In 1917, their son, Donovan was eighteen and had been chosen to join thirty young New Zealand men on a three year officer training course with the Union Steam Ship Company of New Zealand Limited (U.S.S.). The cadets sailed on the converted troopship, the S.S. Aparima, and after unloading troops, were making their way down the coast of Dorset in South England, when their ship was torpedoed by a German submarine. Over half its crew – fifty six men including seventeen young cadets, were killed in the blast or drowned by their lifeboats being sucked down by the ship’s drag.
“Aft, there – the stern’s blown off, sir!”

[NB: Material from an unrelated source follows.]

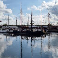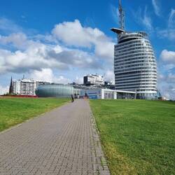 ....und nicht nur am Morgen, sondern den ganzen Tag🥵. Offenbar ahnten wir schon Böses, denn wir verliessen das Zimmer bereits um 6.30 Uhr. Und tatsächlich - wir holten die Velos aus der Tiefgarage und was am Abend vorher noch bein-stein-hart war, war nur noch Pfluder. Mein Pneu😡. Also musste Theo wieder den Schlauch wechseln, bevor wir losfahren konnten. Die Landschaft war wirklich flach, aber in der Richtung, in die wir fuhren, wurde es immer dunkler und dunkler. Wir fuhren zügig, der vermaledeite Pneu hielt auch (noch), aber irgendwann war dann wieder fertig. Verflixt, was ist hier denn nur los? Ich bringe dieses Rad mal noch um😡. Also, wieder Schlauch wechseln, weiterfahren, wieder hielt es eine Zeitlang. Dummerweise wollten wir dann endlich mal etwas trinken und kehrten mangels Beizen ganz kurz bei Mc Donalds ein. Da war der Reifen noch ziemlich ok. Wir fuhren etwa 7 km weiter, dann ging es nicht mehr, weshalb wir uns entschlossen, zurück zu radeln und mit dem Zug die restlichen 40 km von den 110 geplanten zu fahren. Es wurde immer schlimmer mit der Luft im Pneu, bald musste Theo alle 500m pumpen, ich fuhr dann möglichst schnell weiter, aber nach 500m war wieder Schluss. So ging es ein paar Mal, bis beim pumpen das Ventil abbrach. Das wars dann! Ich durfte 3,5 km bei strömendem Regen - ja, der kam dann genau dann, als wir den McDonalds verliessen - zu Fuss das Velo schieben, während Theo den Weg zum Bahnhof radelnd erkundigte und mich bei den Abzweigungen jeweils erwartete. Wir kamen dann doch noch zwar pflotschnass, aber doch heil ausser meinem Pneu beim Bahnhof an und eine dreiviertel Stunde später fuhr der Zug nach Bremerhaven. Vom Bahnhof hatten wir nochmals eine viertel Stunde Fussmarsch zum Hotel. Aber wenigstens war das Hotel super und Theo konnte nun ein Fahrradgeschäft ausfindig machen, das genau meinen Pneu - Schwalbe Marathon plus unplattbar🤣🤣😭 - hatte. Er fuhr dann wieder mal mit seinem Velo und meinem Rad auf dem Buckel zum Velomech. Und da wurde das Übel für die vielen Platten gefunden - das Felgenband. Da dieses nicht mehr das jüngste war, hatte es sehr scharfe Kanten, die jeden Schlauch beim Fahren durchrieben. Darum hielt der Pneu auch am Anfang noch länger. Nun bekam mein Rad also ein neues Felgenband, einen neuen Pneu und einen neuen Schlauch! Und wenn ich morgen wieder einen Platten habe, dann werfe ich das Velo in die Nordsee. Da waren wir nämlich heute schon. Das Schiffsmuseum war sehr eindrücklich und auch das Segel und das Ei sahen fantastisch aus. Was überhaupt nicht fantastisch war, wir wollten nach diesem schrecklichen Tag endlich gemütlich zu Abend essen, da wir durch das ganze Theater und mangels Restaurants kein Mittagessen hatten, aber wir fanden nicht EIN normales Restaurant. Persisch, Arabisch, Türkisch wollten wir nicht, über einen Chinesen hätten wir uns gefreut, aber eine normale Beiz zu finden, die heute offen hat, war unmöglich. So müssen wir uns heute ohne Essen begnügen, Theo fand dann aber noch eine ganz passable Lösung. Inzwischen ist die Flasche leer und ich mit meinem Bericht fertig😆Leia mais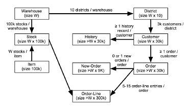 Конец архитектурной эпохи, или Наступило время полностью переписывать системы управления даннымиМайкл Стоунбрейкер, Сэмюэль Мэдден, Дэниэль Абади, Ставрос Харизопулос, Набил Хачем, Пат Хеллэнд Пересказ: Сергей Кузнецов Оригинал: Michael Stonebraker, Samuel Madden, Daniel J. Abadi, Stavros Harizopoulos, Nabil Hachem, Pat Helland. The End of an Architectural Era (It's Time for a Complete Rewrite). Proceedings of VLDB, 2007, Vienna, Austria 5. Сравнение производительностиTPC-C выполняется над схемой, показанной на рис. 1, и для этого тестового набора определяются пять классов транзакций (new_order, payment, order status, delivery и stock_level).

“Oh Lord – the poor boys.” - was a comment made hearing of the loss. The cadets’ sleeping quarters were located in the stern of the vessel where the torpedo struck.
“Up went the bows and down went the stern amidst a roar of rushing water.”
The loss of life was tragic, and the cadets families suffered more hardship in the process of compensation. They young men were neither officers nor seaman so had received no pay although their risk was the same as their fellow seamen. Some of the families lodged claims to the government. Florence wrote,

“.. I was looking forward to the expiry of his three years’ cadetship when my son and only child would make such progress in life as to enable him to make some money spent on his education and later on help to keep me from poverty in old age.”

Advert placed by Philip Hoare
in
'Stead's' Magazine,
 August 21st, 1920
Prior to Philip’s disappearance, he had established “The School of New Thought” in 1905 in New Zealand. It appears he moved to Sydney, Australia and set up as a specialist in mental and speech disorders, claiming he had an M.B.I.M.Sc from the British Institute of Mental Science, London. He lectured in New South Wales and Queensland, and established his second school, “The First School of New Thought and Mental Science” in Adelaide. He later settled in Brisbane, living at 27 Gregory Terrace.
Whilst Philip’s career went from strength to strength as a self proclaimed “world-famous specialist” who travelled the southern hemisphere giving lectures and speeches and writing books on poetry, public speaking and parapsychology, Florence spent a less illustrious life. She lived in convents in Christchurch and Hamilton before moving to Auckland and working as a housekeeper, before her death in 1939.
Saturday 15 April 1939
The Courier-Mail
Brisbane, Qld.
I don’t intentionally look for content like this. And, as in yesterday’s blog all I do is google a name , sometimes from Dresser’s “History of New Thought”, and follow the leads generated.
Whether or not these were legitimate or not is never my concern. I’m looking for people that realized God and in the process blog what I find,
The idea did occur to me as to how future generations will view the people, events and books from our generation.